Mail me if you want me to provide a Perl script that "multiplies
out" the Hangul keymaps into 11k/15k single normal entries:
  eric@coli.uni-sb.de (Eric Auer).


GUK IM should be flexible with the layout of the virtual
keyboard: I have moved the "what happens to CHAR when shift
changes" by writing ShiftedKeys.java (supports UK and US,
German and Dutch planned, partially implicitly supported because
Java can upcase/downcase umlauts). This also allowed cleaner
code in KeyboardMap.java and GateIM.java - and at least UK and
US are now supported also in the looks of the keyboard map.
The UK / US flag is controlled by the ShiftedKeys.KMAP value.
German shift / unshift is already there for char, but not for
key codes, and is not used at all yet in KeyboardMap. Layout
differences of DE to UK / US are explained in ShiftedKeys.


The clipboard tools and the copy to clipboard functions of the
glyph preview and glyph palette crash in Java 1.3.1 for Unix,
and the Java global clipboard is unconnected to the global X
clipboard in Java 1.3.1 / Linux X11 4.2.0, which affects the
Input Method Editor. Other versions hopefully work better.


Deactivating the GUK IM is buggy in Java 1.3.1: It will
still read the key events, but Java will ignore the IM output
and pretend that there would be no IM. If you try to activate
the virtual keyboard before first activating the GUK IM, the
virtual keyboard will not be visible for the rest of the session
and in some other cases, it will stay iconified at inappropriate
times. Note that the menu item does not follow the virtual
keyboard, but the other way round: Checking the checkbox will
request it and unchecking the checkbox will ask it to hide.

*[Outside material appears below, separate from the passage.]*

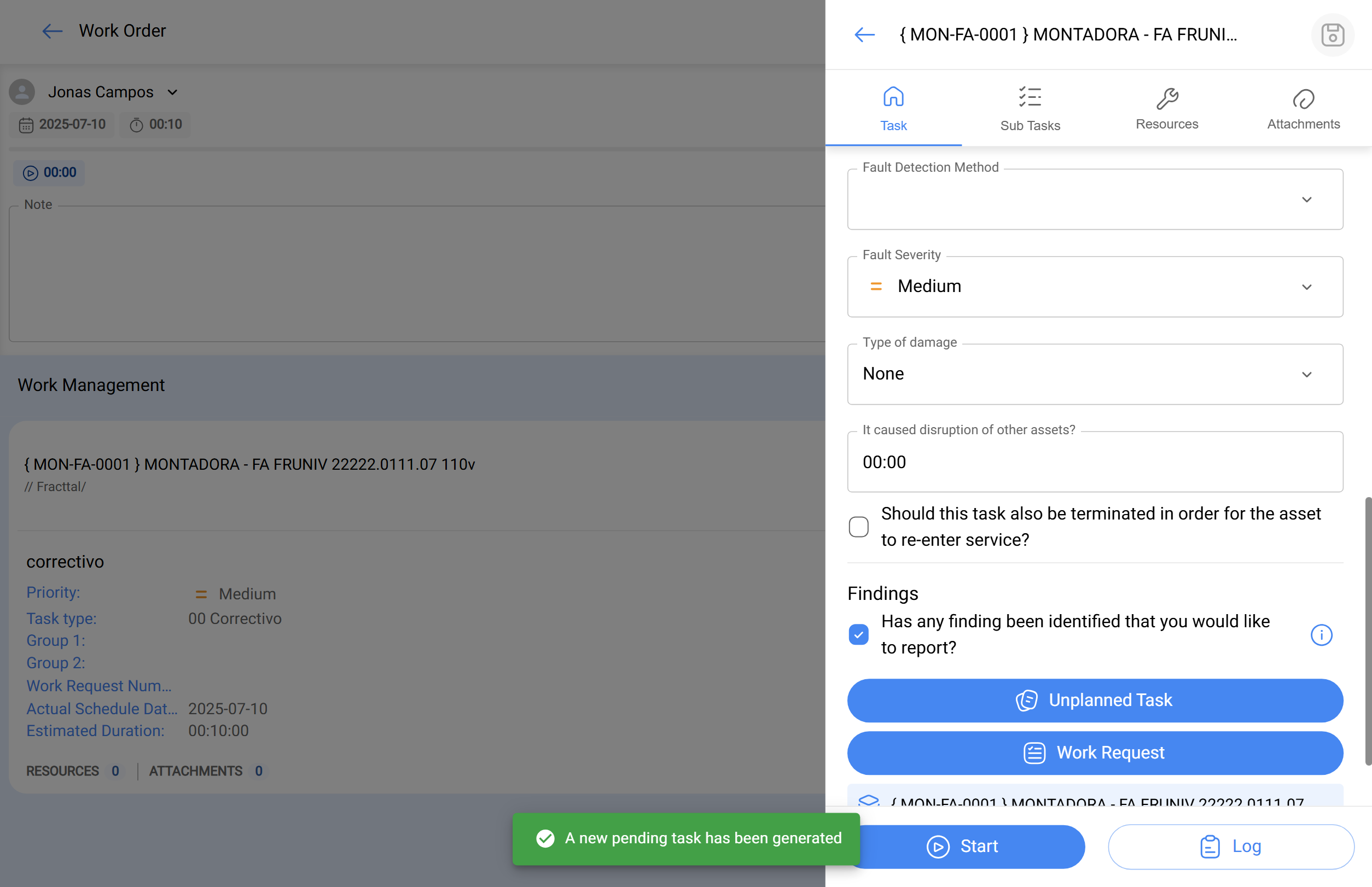 Create an Unplanned Task: Ideal for actions that need to be executed immediately as part of the same Work Order.

The editor and GUK IM only use C- and A- (alias to M- or Alt-)
prefixes, other modifiers are ignored (e.g. Meta, AltGraph) or
handled implicitly (e.g. Shift). KeyEvents and KeyStrokes differ
in whether they allow AltGraph. The editor parses G- (AltGraph),
but it is often lost in further processing. XGIM format is
supposed to allow more flexibility. See AssignObject.java and
LocaleHandler.java and other GUK IM files to add better XGIM
support everywhere (none yet in the GUK IM!).

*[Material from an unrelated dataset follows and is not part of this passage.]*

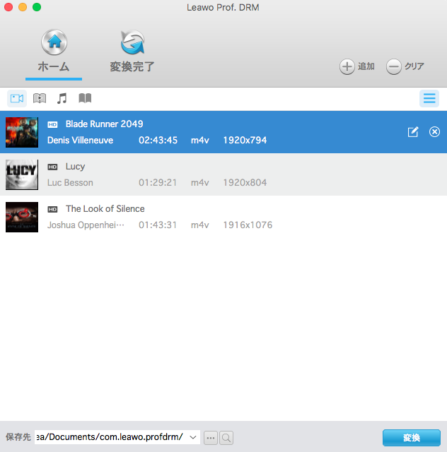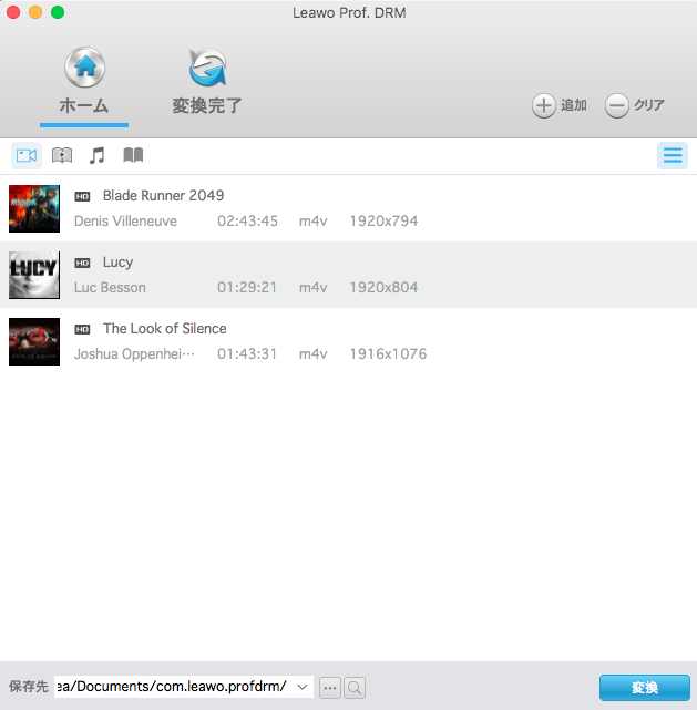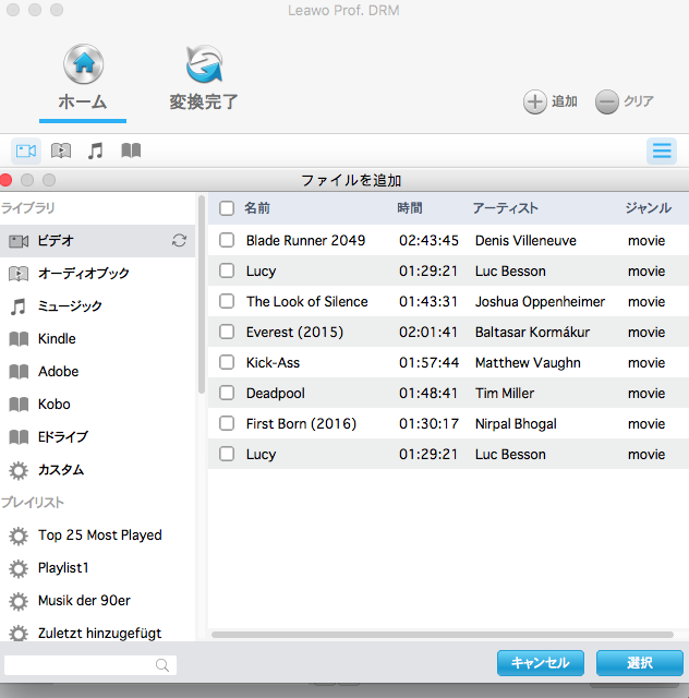 MacでLeawo Prof. DRM for Macをインストールして、起動した後、ソフトマイン画面で「ファイルを追加」ボタンをクリックし、変換したいiTunesビデオを選択して、Prof. DRM for Macにインポートします。また、処理対象のiTunesビデオファイルを直接的にプログラムにドラッグすることもできます。

It would be an idea to have some helper for creating XGIM escapes,
but it is questionable if you want to assign Unicode characters
to things like "left button + HOME"  or "altgraph + F1" at all.
The implementation could be a form with checkboxes and comboboxes,
or something that captures all key events for a while.

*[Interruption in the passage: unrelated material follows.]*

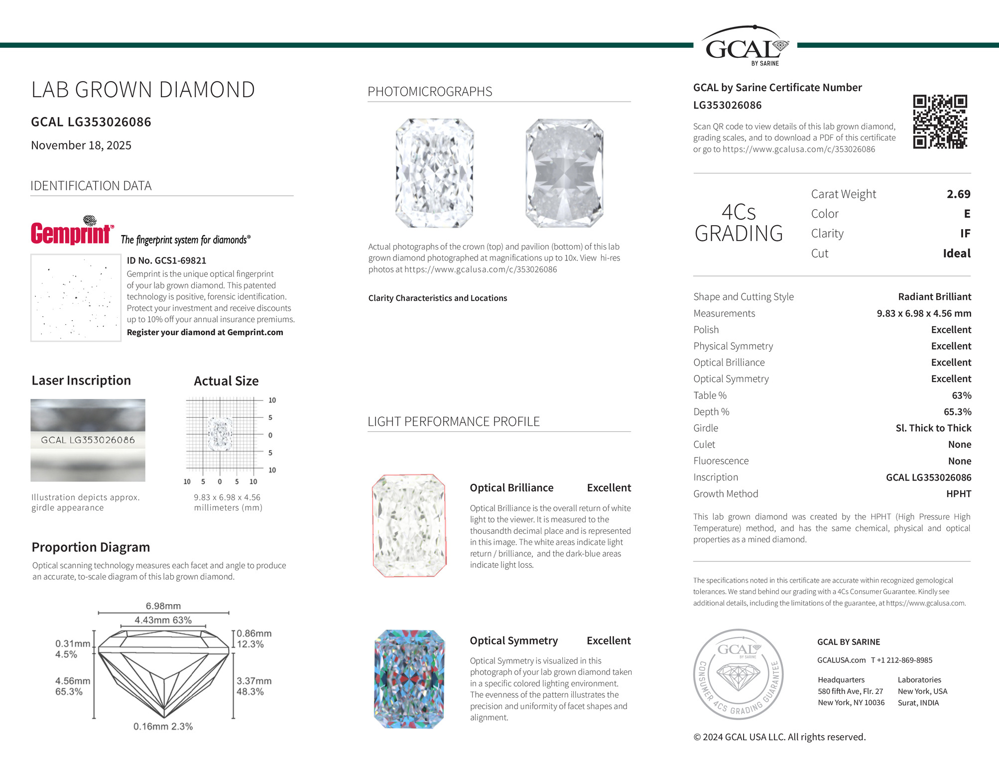 The diamond was certified by GCAL. This provides you an authoritative analysis of your diamond. It also verifies that your diamond meets all the specific quality.

The editor does not allow to edit the digits option and does
not handle the digit toggle either. Instead, it splits digit
lines into two separate assignments on import. It will not
re-unite them on export. GUK IM (current version) just takes one
half of a digit alternative line and ignores the other half.
Neither the editor nor GUK IM assign a toggle hotkey for anything.
Example: This would assign some Ctrl-d hotkey to toggle between
ASCII and national digit glyphs and set the toggle to national
on startup. Shown: Header, example digit.
  option digits "C-d" national
  bind "0"        digit 0x0030 0x06F0
The editor will import this as if it would be:
  bind "C-d0"     send 0x06F0
  bind "0"        digit 0x0030
The C-d prefix is hardcoded in FileCommands.java, but all GIM
files that I have actually use "C-d" as the toggle for the
option digits command, by coincidence.
Current GUK IM behaviour is to use ONLY the national glyphs.

Used by 2901-94.gim (Persian), arabat.gim (Arabic),
arabmlt.gim (Arabic), arabwin.gim (Arabic),
bengali.gim (Bengali, without "national" flag),
crlpers.gim (Persian), clrurdu.gim (Urdu, which uses Alt-
rather than A-, probably an error), hindiins.gim (Hindi,
without "national" flag), hindivoa.gim (Hindi, as hindiins),


Neither the editor nor (it seems) GUK IM use the flag:
  option backspace
which seems to be for use with syllable languages / scripts.
The idea seems to be that backspace would either go back into
the previous FSM state or remove a whole glyph.
Used by hangul.gim (Korean) and viet.gim (Vietnamese)
and vntelex.gim (Vietnamese).


Neither the editor nor (it seems) GUK IM use resetorsend
(the editor translates it into simple send):
  bind "\ " resetorsend 0x0020
which should act like send but only if the FSM already is in
initial state. Otherwise, it would only reset the FSM to
initial state. Usually used for the space key: Either finish
the ongoing composition, or send a space "keypress" in case
that there is no ongoing composition. GUK IM normally passes
through characters that cannot be interpreted as part of a
sequence anyway. The editor translates resetorsend into
send, but adds a comment to the file when you re-export it,
so that you can fix the affected line if you want.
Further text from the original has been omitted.